LoL, I love this one! In Arizona, you may not have more than two dildos in a house.

@Pieter Claassen Points 9 and 10 If point (9) says that, In Alberta you must give hand signals when you turn. How does point (10) work, if you must always have both hands on the handlebars? I don’t expect an answer, I just found that a bit odd :slight_smile:

PMSLMAO!!! This is brilliant keep 'em coming. Stefan

@ukiceman, that’s the point. If you obey any one of the laws, you will be breaking the other one.

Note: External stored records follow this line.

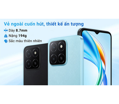 HONOR X5b Plus sở hữu thiết kế nguyên khối với chất liệu khung và mặt lưng nhựa, mang lại cảm giác chắc chắn nhưng vẫn đảm bảo sự nhẹ nhàng khi cầm nắm. Với kích thước gọn gàng dày 8.7 mm và nặng 194g, chiếc điện thoại này rất phù hợp để sử dụng lâu dài mà không gây mỏi tay.
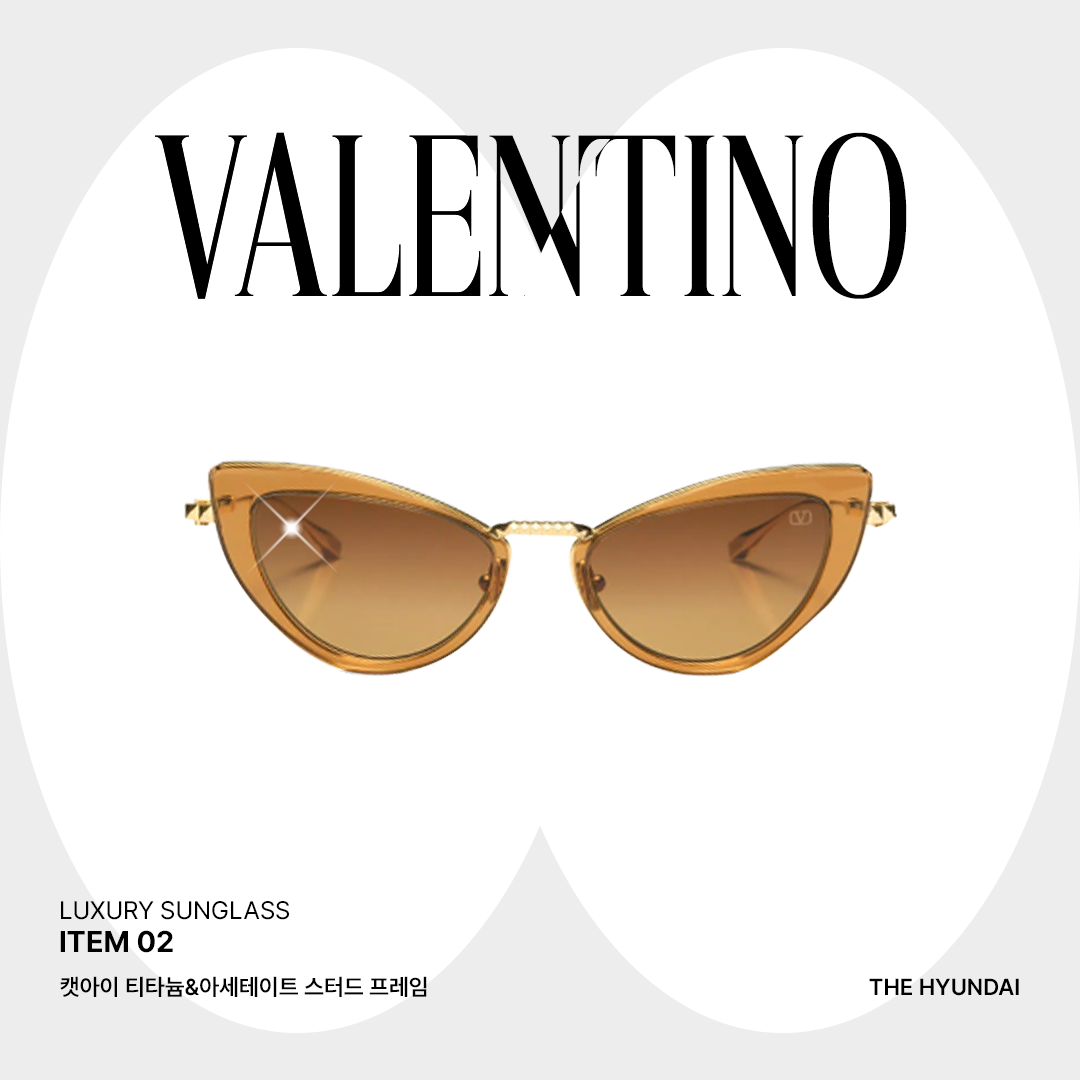 브라운 컬러의 아세테이트와 라이트한 옐로우 골드 컬러의 티타늄 소재가 조화를 이룬 캣 아이 선글라스도 매력적입니다. 안경다리에는 스터드 장식과 입체적인 느낌의 템플 팁이 들어가 있으며 도수 삽입 또한 가능한데요. 발렌티노 특유의 정적이면서 우아한 느낌이 살아 있어 포멀한 룩에도 함께 연출하기에 좋습니다.
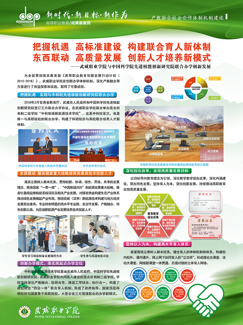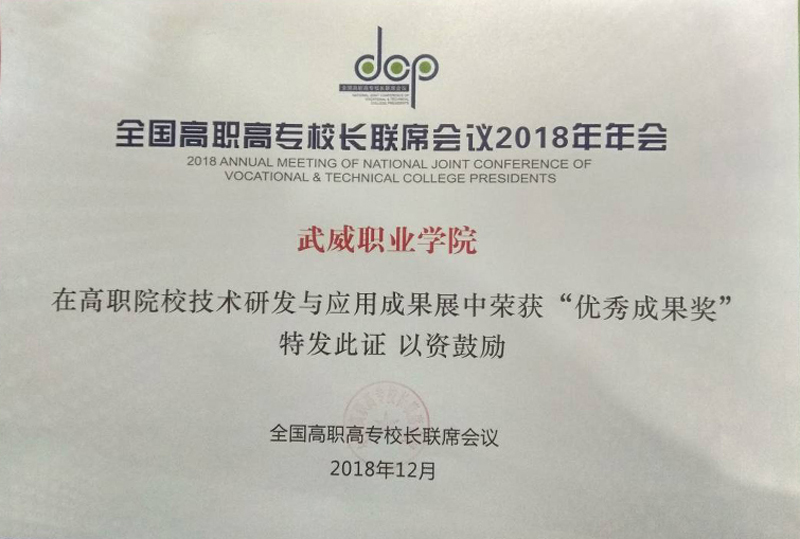 12月8日至9日,學(xué)院黨委書(shū)記、院長(zhǎng)趙明教授、副院長(zhǎng)翟存祥教授帶隊(duì)參加了在福建福州召開(kāi)的全國(guó)高職高專校長(zhǎng)聯(lián)席會(huì)議2018年年會(huì)。學(xué)院自主研發(fā)的“光伏組件智能清潔裝置”榮獲高職院校技術(shù)研發(fā)與應(yīng)用成果 “優(yōu)秀成果獎(jiǎng)”(全國(guó)僅36所高職院校獲此殊榮,甘肅省僅2所),“學(xué)院與中科院先進(jìn)核能創(chuàng)新研究院聯(lián)合辦學(xué)創(chuàng)新發(fā)展”案例入選教育成果案例展。
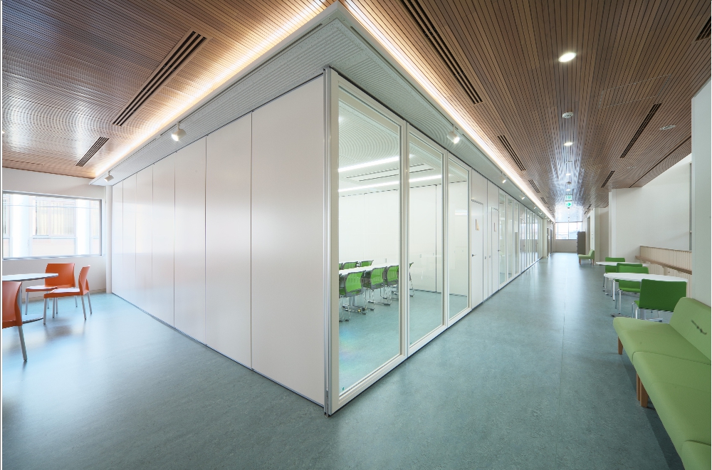 遮音も備えたガラス移動間仕切、ミセルウォール
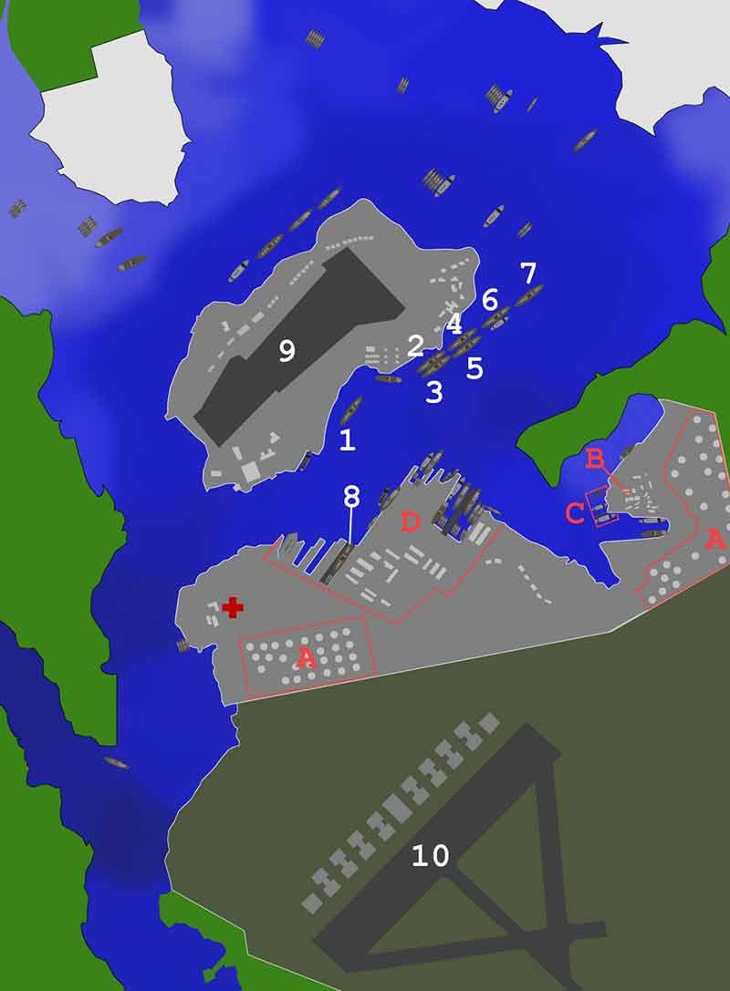 A map of the area on December 7, 1941, demonstrating what was hit and what was spared: Attacked targets: 1: USS California. 2: USS Maryland. 3: USS Oklahoma. 4: USS Tennessee. 5: USS West Virginia. 6: USS Arizona. 7: USS Nevada. 8: USS Pennsylvania. 9: Ford Island NAS. 10: Hickam field. | Ignored infrastructure targets: A: Oil storage tanks. B: CINCPAC headquarters building. C: Submarine base. D: Navy Yard.
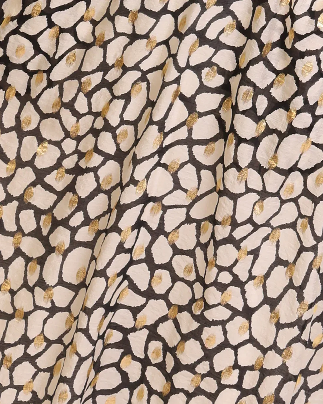Bonnie blouse from Traffic People . It 's a perfect piece for this fall/winter season. The collar is mandarin collar with a detachable bow that you can tie however you like. It has flattering puff sleeves with elastic cuffs. The print is black and white with gold polka dots .

But both laws are in force.

Thanks for a good laugh this morning!

In Wyoming, you can’t fish with a firearm.

In the UK: *All English males over the age 14 are to carry out 2 or so hours of longbow practice a week supervised by the local clergy. *It is illegal for a lady to eat chocolates on a public conveyance. *London Hackney Carriages (taxis/cabs) must carry a bale of hay and a sack of oats. *It is illegal to be drunk on Licensed Premises (in a pub or bar). *Any person found breaking a boiled egg at the sharp end will be sentenced to 24 hours in the village stocks *It is illegal to leave baggage unattended. *Picking up abandoned baggage is an act of terrorism.

LMAO! These are amazing! Some funny ones indeed. It’s also illegal to sell alcohol to a intoxicated person. It is legal, on a certain day of the year (not sure which one) to shoot a Welshmen with a longbow from a church tower. It’s illegal to beat your doormatts after 6pm Taxi drivers are required to ask all passengers if they have smallpox or the plague. Throughout the whole of England it is illegal to eat mince pies on the 25th of December.

I wish I could remember what state this law is in, it’s my all time favorite law. Cats and Dogs may not smoke pipes or cigars in public. I love this one because I like the idea of a place having problems with dogs and especialy cats smoking pipes or cigars in public. Damn tuna scent flake smelling up this town.

UK: Since 1313, MPs are not allowed to don armor in Parliament. It is illegal for two adult men to have sex in the same house as a third person. Sweden: While prostitution is legal, it is illegal to use the services of a prostitute.